Reinforce consumer protection and financial inclusion

Financial inclusion and protection are strong themes throughout the whole plan. It recognises the growing issue of fraud in the UK and calls for an integrated approach across government, law enforcement, regulators, financial services firms, and tech companies to address the entire ecosystem which enables fraud to occur. The plan specifically calls out technology firms and telcos and the need for data sharing with financial services firms. It also supports adding further friction into real time payments for suspicious payments, advocating delaying payments where required. There is also a clear plan to regulate the Buy Now Pay Later (BNPL) sector; something the current administration has not committed to doing, and it is likely to have significant impact on the firms operating in this space.

The call for greater collaboration across the ecosystem to tackle fraud is welcome as a greater impetus for all players to do more in this area is much needed. It will be interesting to see the details of how the plan will deliver greater collaboration; any efforts to do so can only benefit UK consumers.
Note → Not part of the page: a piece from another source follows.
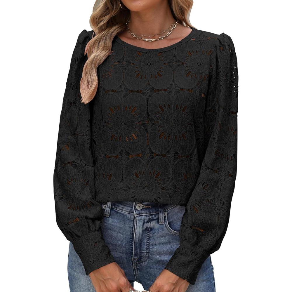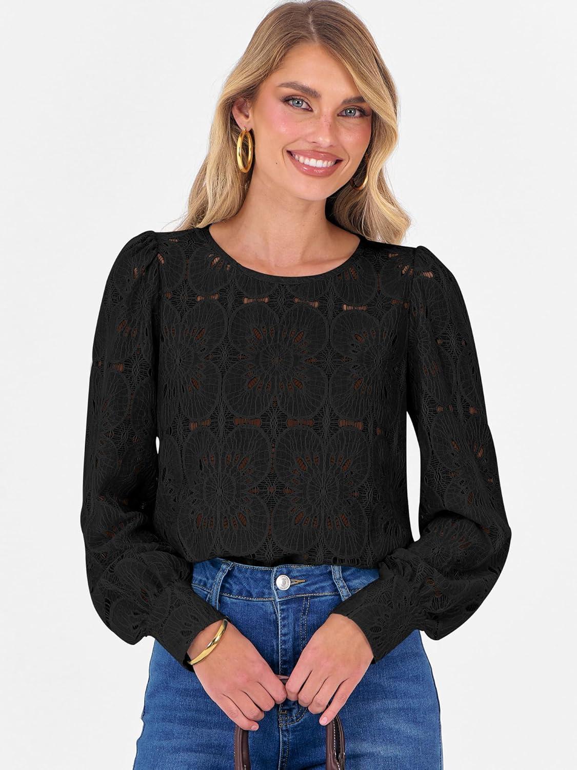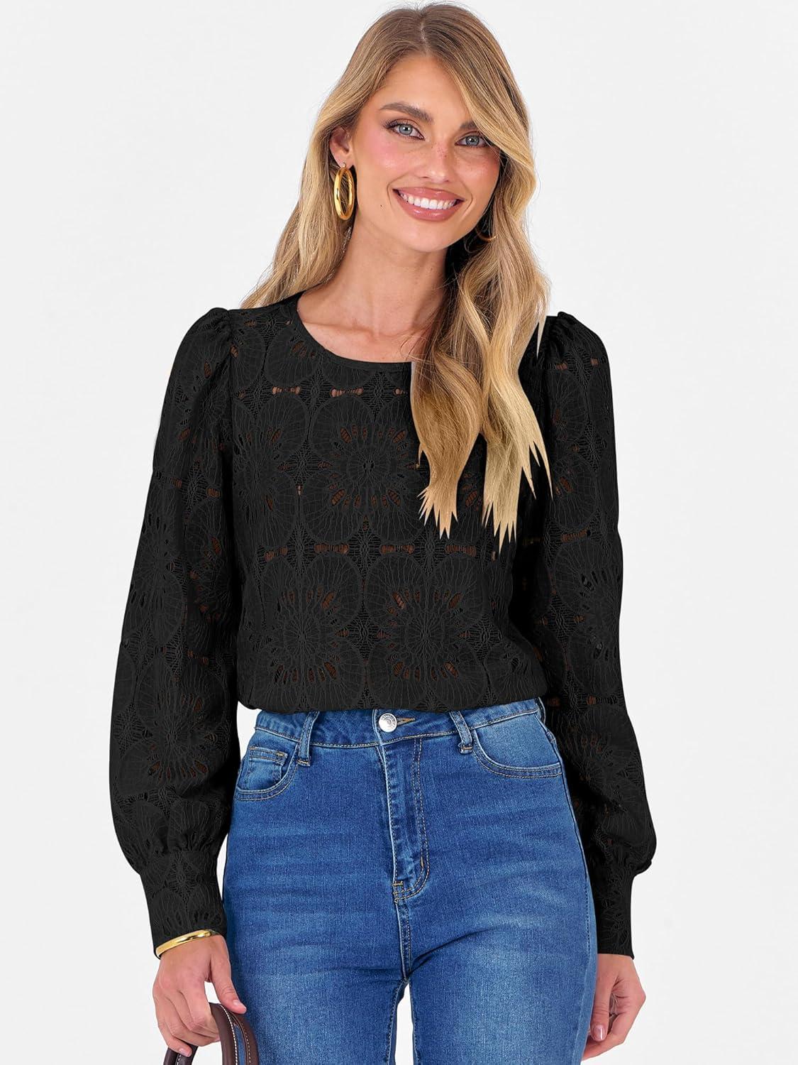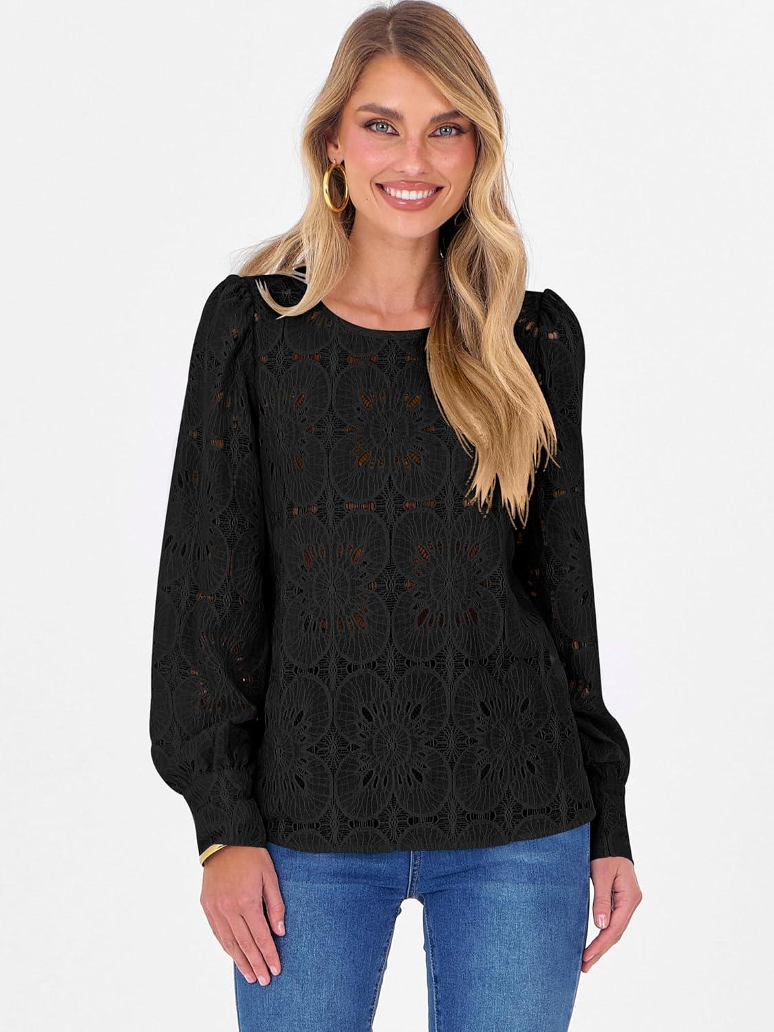 ANRABESS Womens Eyelet Long Sleeve Tops Business Casual Blouses Crochet Lace Shirts 2025 Fall Fashion Outfits(Black)

Embrace innovation and fintech

The plan recognises the advances made in the fintech sector in the UK, but warns that other markets are catching up and overtaking. The opportunity for innovation is vast, with many initiatives already underway to drive global fintech leadership. The plan calls out Open Banking as a success story and supports the work of the Joint Regulatory Oversight Committee (JROC). It supports current efforts to deliver Open Finance and commits to supporting and growing further. The plan supports work on a Central Bank Digital Currency (CBDC) by the Bank of England and states this will continue. There is a brief mention of AI, and its potential but also recognises the need to ensure consumer protection. A planned AI strategy will lay out more details in due course. Finally, continuing the theme of inclusion, the plan states it will set up a regulatory sandbox to test financial products to reach underserved communities.

It is a case of ‘no change’ by the party with regards to innovation and fintech, supporting current work in Open Banking and CBDC. This gives both JROC and the Bank of England stability and reassurance to continue to work as per their roadmaps.

Conclusion

The plan by the Labour Party is to continue with work that seeks to innovate and improve, whilst plugging the gaps where perhaps there is insufficient consumer protection. A call for greater collaboration to tackle fraud and the stated objective to regulate the BNPL sector both seek to address consumer loss and make payments in the UK a better and safer experience. There is also recognition of what a great sector the UK has in payments and fintech; and how we can not only compete on the international stage but also become one of the UK’s best exports. Should we see a Labour party come into power there is unlikely to be great upheaval in the payments world, which gives stability and reassurance that work being done today can and should continue, ensuring there is no delay in delivering customer benefits.